What is expected> Go through the entries and copy each one exactly. Leave none out.
= Beginning of Section =
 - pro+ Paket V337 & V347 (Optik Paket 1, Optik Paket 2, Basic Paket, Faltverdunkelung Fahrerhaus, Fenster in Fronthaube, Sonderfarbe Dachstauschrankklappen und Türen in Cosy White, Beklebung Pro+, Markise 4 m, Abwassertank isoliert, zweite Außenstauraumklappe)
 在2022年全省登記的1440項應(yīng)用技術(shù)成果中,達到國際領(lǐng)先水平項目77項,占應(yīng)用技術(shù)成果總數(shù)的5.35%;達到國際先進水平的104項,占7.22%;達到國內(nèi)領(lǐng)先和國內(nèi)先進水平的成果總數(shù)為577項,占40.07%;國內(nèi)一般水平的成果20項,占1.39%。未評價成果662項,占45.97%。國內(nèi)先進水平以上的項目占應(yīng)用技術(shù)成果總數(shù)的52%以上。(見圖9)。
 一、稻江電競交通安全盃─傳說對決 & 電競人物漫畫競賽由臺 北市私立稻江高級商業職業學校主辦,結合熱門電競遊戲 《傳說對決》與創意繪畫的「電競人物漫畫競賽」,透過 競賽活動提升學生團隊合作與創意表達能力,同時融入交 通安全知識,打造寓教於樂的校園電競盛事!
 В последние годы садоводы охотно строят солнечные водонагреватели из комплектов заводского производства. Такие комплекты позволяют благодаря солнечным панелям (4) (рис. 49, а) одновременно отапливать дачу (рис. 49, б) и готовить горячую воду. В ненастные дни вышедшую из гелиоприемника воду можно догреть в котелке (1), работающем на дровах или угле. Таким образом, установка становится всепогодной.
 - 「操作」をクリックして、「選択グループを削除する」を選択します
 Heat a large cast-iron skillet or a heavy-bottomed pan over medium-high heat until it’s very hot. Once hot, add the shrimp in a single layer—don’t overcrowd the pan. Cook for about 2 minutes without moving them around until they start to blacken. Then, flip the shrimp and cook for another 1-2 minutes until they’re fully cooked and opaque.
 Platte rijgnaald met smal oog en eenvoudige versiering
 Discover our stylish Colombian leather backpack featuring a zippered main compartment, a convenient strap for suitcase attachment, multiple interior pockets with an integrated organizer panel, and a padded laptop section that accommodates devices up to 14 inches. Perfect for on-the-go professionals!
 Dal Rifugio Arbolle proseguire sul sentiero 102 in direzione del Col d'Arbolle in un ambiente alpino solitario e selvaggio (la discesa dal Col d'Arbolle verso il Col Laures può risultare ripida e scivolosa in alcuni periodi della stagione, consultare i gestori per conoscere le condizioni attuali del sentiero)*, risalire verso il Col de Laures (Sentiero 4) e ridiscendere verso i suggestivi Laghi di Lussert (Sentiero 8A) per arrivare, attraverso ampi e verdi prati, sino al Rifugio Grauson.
= End of Section =
Expected answer>
 - pro+ Paket V337 & V347 (Optik Paket 1, Optik Paket 2, Basic Paket, Faltverdunkelung Fahrerhaus, Fenster in Fronthaube, Sonderfarbe Dachstauschrankklappen und Türen in Cosy White, Beklebung Pro+, Markise 4 m, Abwassertank isoliert, zweite Außenstauraumklappe)
 在2022年全省登記的1440項應(yīng)用技術(shù)成果中,達到國際領(lǐng)先水平項目77項,占應(yīng)用技術(shù)成果總數(shù)的5.35%;達到國際先進水平的104項,占7.22%;達到國內(nèi)領(lǐng)先和國內(nèi)先進水平的成果總數(shù)為577項,占40.07%;國內(nèi)一般水平的成果20項,占1.39%。未評價成果662項,占45.97%。國內(nèi)先進水平以上的項目占應(yīng)用技術(shù)成果總數(shù)的52%以上。(見圖9)。
 一、稻江電競交通安全盃─傳說對決 & 電競人物漫畫競賽由臺 北市私立稻江高級商業職業學校主辦,結合熱門電競遊戲 《傳說對決》與創意繪畫的「電競人物漫畫競賽」,透過 競賽活動提升學生團隊合作與創意表達能力,同時融入交 通安全知識,打造寓教於樂的校園電競盛事!
 В последние годы садоводы охотно строят солнечные водонагреватели из комплектов заводского производства. Такие комплекты позволяют благодаря солнечным панелям (4) (рис. 49, а) одновременно отапливать дачу (рис. 49, б) и готовить горячую воду. В ненастные дни вышедшую из гелиоприемника воду можно догреть в котелке (1), работающем на дровах или угле. Таким образом, установка становится всепогодной.
 - 「操作」をクリックして、「選択グループを削除する」を選択します
 Heat a large cast-iron skillet or a heavy-bottomed pan over medium-high heat until it’s very hot. Once hot, add the shrimp in a single layer—don’t overcrowd the pan. Cook for about 2 minutes without moving them around until they start to blacken. Then, flip the shrimp and cook for another 1-2 minutes until they’re fully cooked and opaque.
 Platte rijgnaald met smal oog en eenvoudige versiering
 Discover our stylish Colombian leather backpack featuring a zippered main compartment, a convenient strap for suitcase attachment, multiple interior pockets with an integrated organizer panel, and a padded laptop section that accommodates devices up to 14 inches. Perfect for on-the-go professionals!
 Dal Rifugio Arbolle proseguire sul sentiero 102 in direzione del Col d'Arbolle in un ambiente alpino solitario e selvaggio (la discesa dal Col d'Arbolle verso il Col Laures può risultare ripida e scivolosa in alcuni periodi della stagione, consultare i gestori per conoscere le condizioni attuali del sentiero)*, risalire verso il Col de Laures (Sentiero 4) e ridiscendere verso i suggestivi Laghi di Lussert (Sentiero 8A) per arrivare, attraverso ampi e verdi prati, sino al Rifugio Grauson.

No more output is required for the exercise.